TASK STATEMENT: Give the data again exactly as written, skipping any pictures.

Items from a dataset:
BEGIN
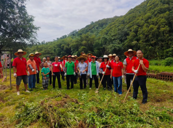 (图为连樟村“两委”干部和群众参加环境整治活动)
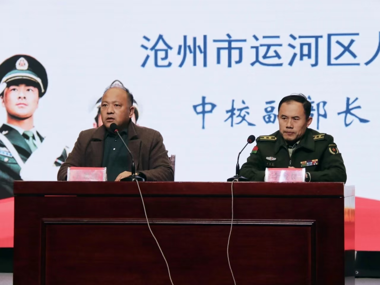 为深入开展国防教育,鼓励广大学子响应国家号召,积极参军报国、献身国防,太阳集团邀请沧州市运河区人民武装部做征兵政策宣讲。学生处副处长王景胜主持会议,各学院学生代表300余人参加。
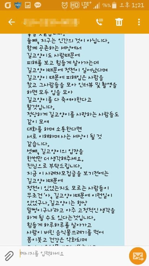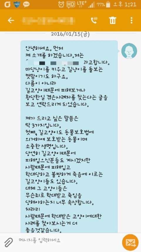 길고양이들이 없어서 쥐들이 득실대고 패스트 같은 전염병이 돌아봐야지 길고양이들이 고마운 줄 알지 ㅉㅉ 쓰래기 같은 것들.... 길 고얕이들 밥 주는 것도 바라지 읺아 그냥 냅둬...!!!!!! ㅉㅉ 길고양이들이 피해만 주는 줄 알고 있음... 길고양이들이 없으면 쥐들이 득실 댐... 수지 ㅊ풍적천동 하천에 손목 만한 쥐들이 득실 거임... 근데 땅위로 못 나오는 건 고양이들 때문임.. 고양이들한테 감사하게 생각 하길 바람.
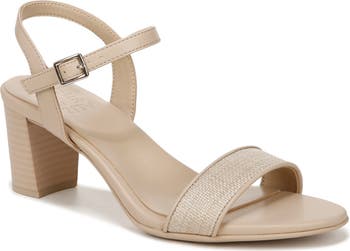 A well-cushioned footbed and heel put lasting comfort in every step of an elegant heeled sandal.
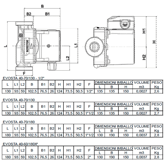 Циркуляционный насос DAB EVOSTA 40-70/130 1/2"
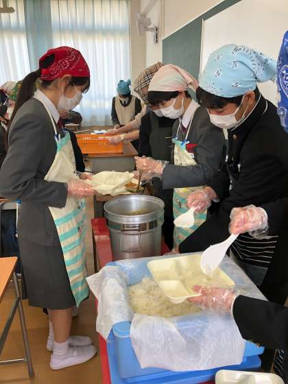 今日は人気メニュー、カツカレーライスです。係生徒が上手によそっていました。
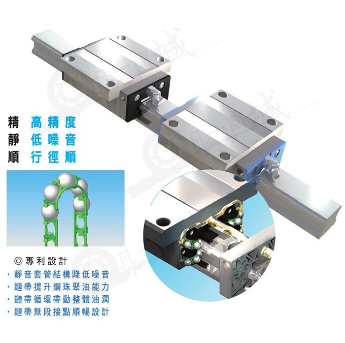 STAF導軌具有高精度、低噪音、導程平順三大特點,擁有多項發明專利:靜音套管設計,鏈帶提升鋼珠聚油能力,循環鏈帶提升由潤均勻分布,
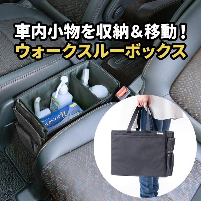⇒ご購入の前にご確認下さい車内の小物をすっきり収納するできるウォークスルーボックス。たっぷりと収納ができ、取っ手付きで持ち運びにも便利なコンソールボックス。コンパクトに折りたたんで収納することができる車用ボックス。【WEB限定商品】
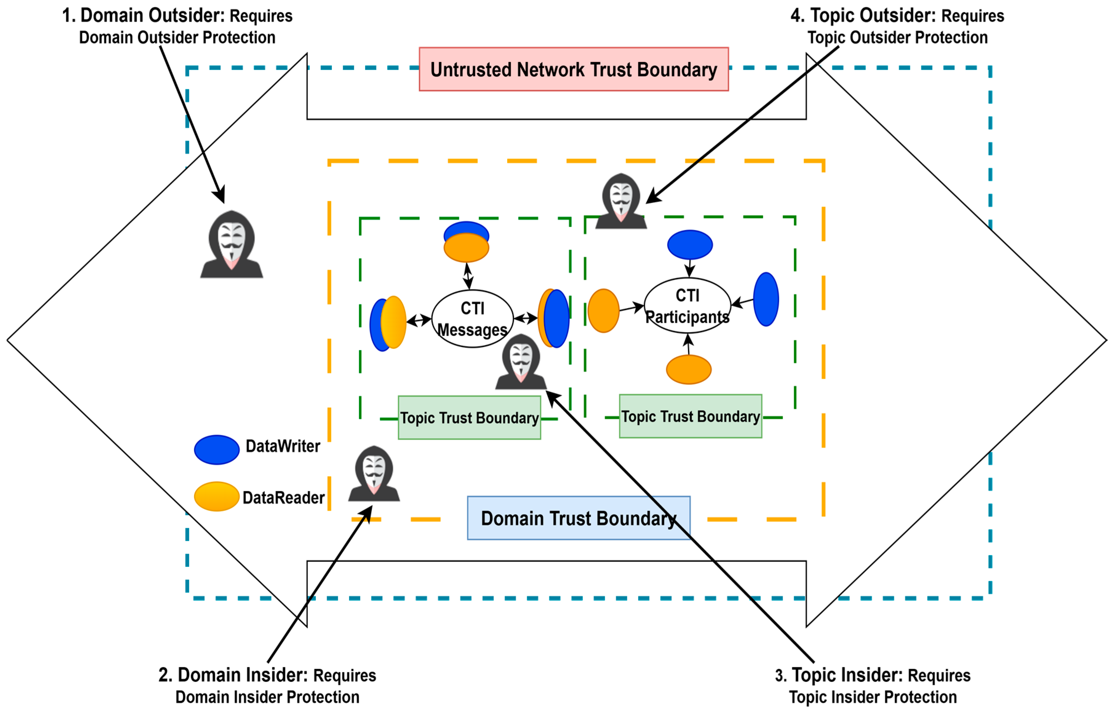 Partition: A Partition is used to allow or deny data writers or data readers of a topic to exchange data. In CTI sharing, it allows logical grouping of CTI Providers and Consumers according to their respective organizations or trust groups. This grouping is achieved by assigning string-based identifiers, known as partitions, to Publishers and Subscribers. This policy is useful in CTI sharing where multiple organizations participate in CTI sharing, as it allows for dynamic control over data visibility at the topic level. For instance, we can assign specific partitions to healthcare organizations, ensuring they only share and receive threat intelligence relevant to their sector. Similarly, industrial organizations can operate within their own partitions, maintaining a clear separation of data streams.
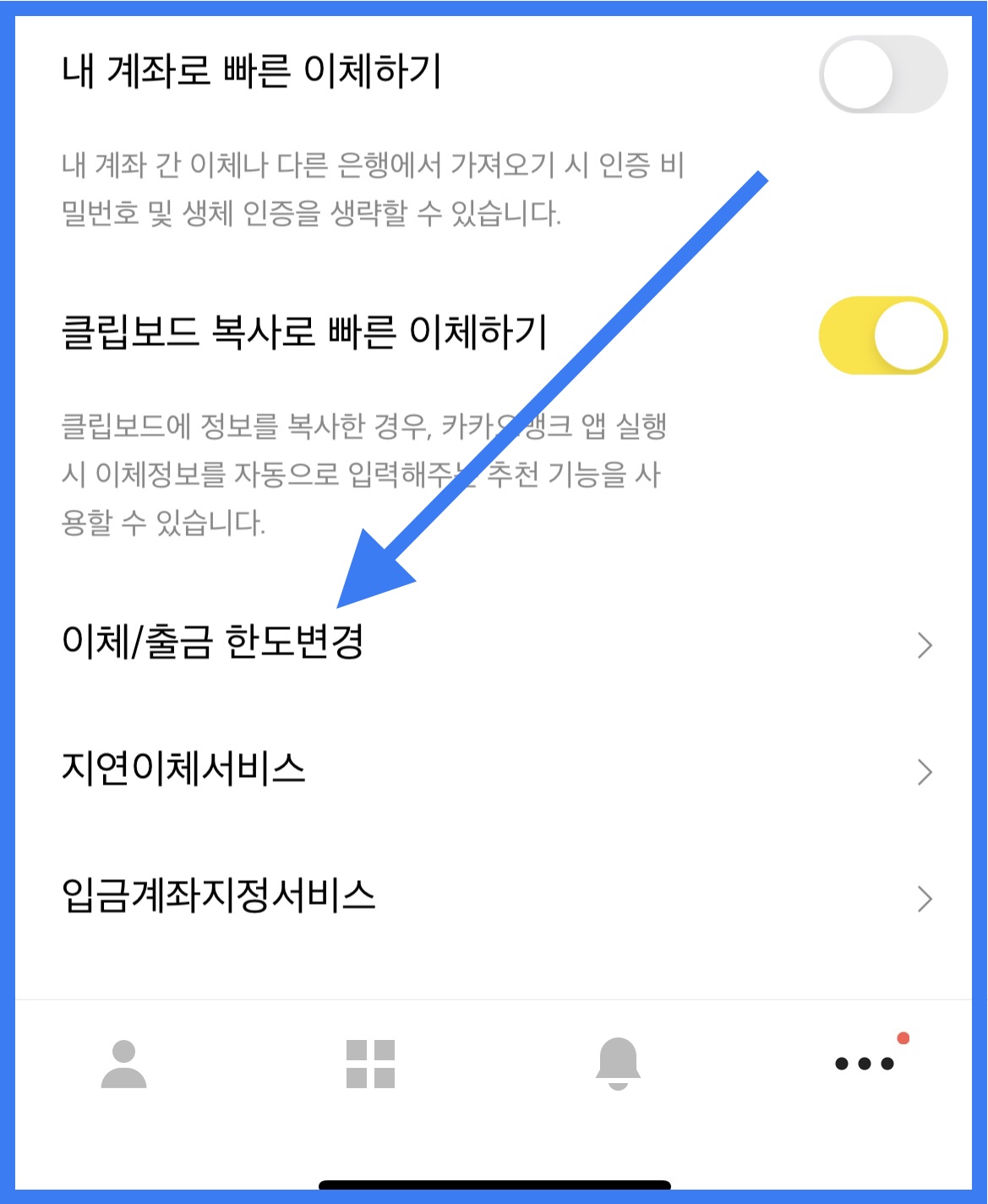 카카오뱅크 이체한도 증액 조회하는 방법
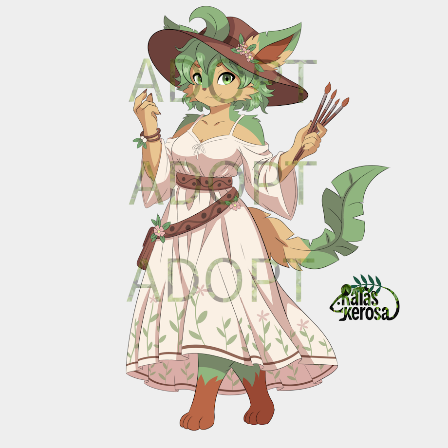 This adopt features a soft, creative Leafeon-based anthro girl with a bohemian flair. She wears a flowing, flower-patterned dress, leather belts, and a wide-brimmed hat adorned with natural motifs. Holding a set of brushes, she radiates warmth, gentleness, and artistic energy — ideal for cozy fantasy settings, slice-of-life RP, or cottagecore-inspired storytelling.
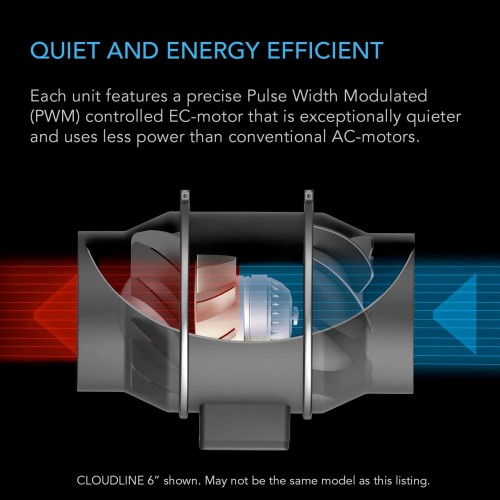 The included CLOUDLINE Series inline fan features a PWM-controlled EC motor, enabling smooth operation at low RPM speeds with no additional heat or noise. It achieves high-performance airflow fit for grow tents thanks to its mixed-flow design and its use of stator blades and hydrodynamic wind circles. Dual ball bearings give this inline fan a 67,000-hour lifespan, which is backed by its IP-44 sealing that resists dust and splashing liquids.
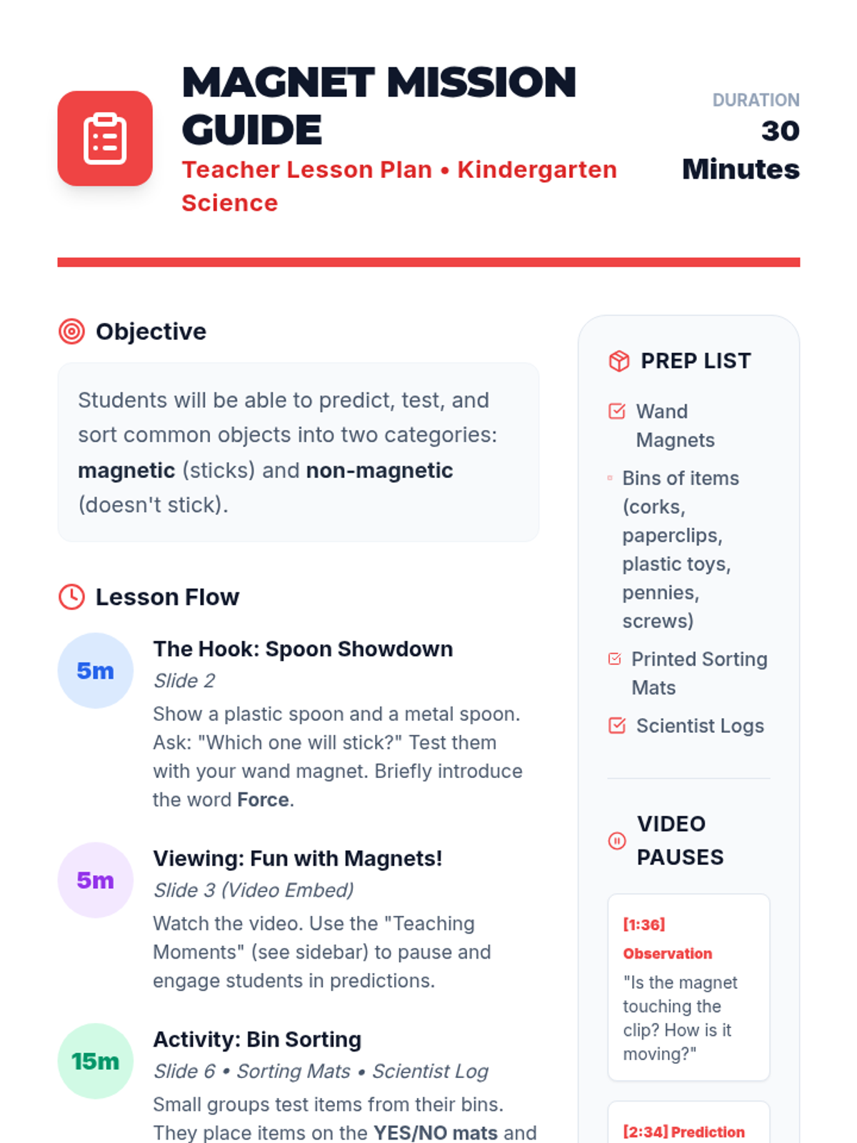 A hands-on Kindergarten science lesson introducing magnets through sorting and exploration. Students predict and test which common objects are attracted to magnets, discovering that only certain metals (iron) stick.
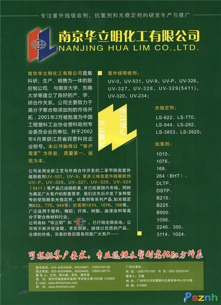 南京华立明化工有限公司是集科研、生产、销售为一体的股份制企业, 与南京大学、东南大学等建立了良好的产、学、研合作关系。公司主要致力于高分子聚合物添加剂的市场开拓及销售推广,2001年2月被批准为工程塑料工业协会塑料助剂专业委员会会员单位, 并于2002年6月荣获江苏省民营科技企业称号。本公司始终以“客户需要”为宗旨, 质量为先、诚信为本。
END
YOUR SOLUTION:
 (图为连樟村“两委”干部和群众参加环境整治活动)
 为深入开展国防教育,鼓励广大学子响应国家号召,积极参军报国、献身国防,太阳集团邀请沧州市运河区人民武装部做征兵政策宣讲。学生处副处长王景胜主持会议,各学院学生代表300余人参加。
 길고양이들이 없어서 쥐들이 득실대고 패스트 같은 전염병이 돌아봐야지 길고양이들이 고마운 줄 알지 ㅉㅉ 쓰래기 같은 것들.... 길 고얕이들 밥 주는 것도 바라지 읺아 그냥 냅둬...!!!!!! ㅉㅉ 길고양이들이 피해만 주는 줄 알고 있음... 길고양이들이 없으면 쥐들이 득실 댐... 수지 ㅊ풍적천동 하천에 손목 만한 쥐들이 득실 거임... 근데 땅위로 못 나오는 건 고양이들 때문임.. 고양이들한테 감사하게 생각 하길 바람.
 A well-cushioned footbed and heel put lasting comfort in every step of an elegant heeled sandal.
 Циркуляционный насос DAB EVOSTA 40-70/130 1/2"
 今日は人気メニュー、カツカレーライスです。係生徒が上手によそっていました。
 STAF導軌具有高精度、低噪音、導程平順三大特點,擁有多項發明專利:靜音套管設計,鏈帶提升鋼珠聚油能力,循環鏈帶提升由潤均勻分布,
⇒ご購入の前にご確認下さい車内の小物をすっきり収納するできるウォークスルーボックス。たっぷりと収納ができ、取っ手付きで持ち運びにも便利なコンソールボックス。コンパクトに折りたたんで収納することができる車用ボックス。【WEB限定商品】
 Partition: A Partition is used to allow or deny data writers or data readers of a topic to exchange data. In CTI sharing, it allows logical grouping of CTI Providers and Consumers according to their respective organizations or trust groups. This grouping is achieved by assigning string-based identifiers, known as partitions, to Publishers and Subscribers. This policy is useful in CTI sharing where multiple organizations participate in CTI sharing, as it allows for dynamic control over data visibility at the topic level. For instance, we can assign specific partitions to healthcare organizations, ensuring they only share and receive threat intelligence relevant to their sector. Similarly, industrial organizations can operate within their own partitions, maintaining a clear separation of data streams.
 카카오뱅크 이체한도 증액 조회하는 방법
 This adopt features a soft, creative Leafeon-based anthro girl with a bohemian flair. She wears a flowing, flower-patterned dress, leather belts, and a wide-brimmed hat adorned with natural motifs. Holding a set of brushes, she radiates warmth, gentleness, and artistic energy — ideal for cozy fantasy settings, slice-of-life RP, or cottagecore-inspired storytelling.
 The included CLOUDLINE Series inline fan features a PWM-controlled EC motor, enabling smooth operation at low RPM speeds with no additional heat or noise. It achieves high-performance airflow fit for grow tents thanks to its mixed-flow design and its use of stator blades and hydrodynamic wind circles. Dual ball bearings give this inline fan a 67,000-hour lifespan, which is backed by its IP-44 sealing that resists dust and splashing liquids.
 A hands-on Kindergarten science lesson introducing magnets through sorting and exploration. Students predict and test which common objects are attracted to magnets, discovering that only certain metals (iron) stick.
 南京华立明化工有限公司是集科研、生产、销售为一体的股份制企业, 与南京大学、东南大学等建立了良好的产、学、研合作关系。公司主要致力于高分子聚合物添加剂的市场开拓及销售推广,2001年2月被批准为工程塑料工业协会塑料助剂专业委员会会员单位, 并于2002年6月荣获江苏省民营科技企业称号。本公司始终以“客户需要”为宗旨, 质量为先、诚信为本。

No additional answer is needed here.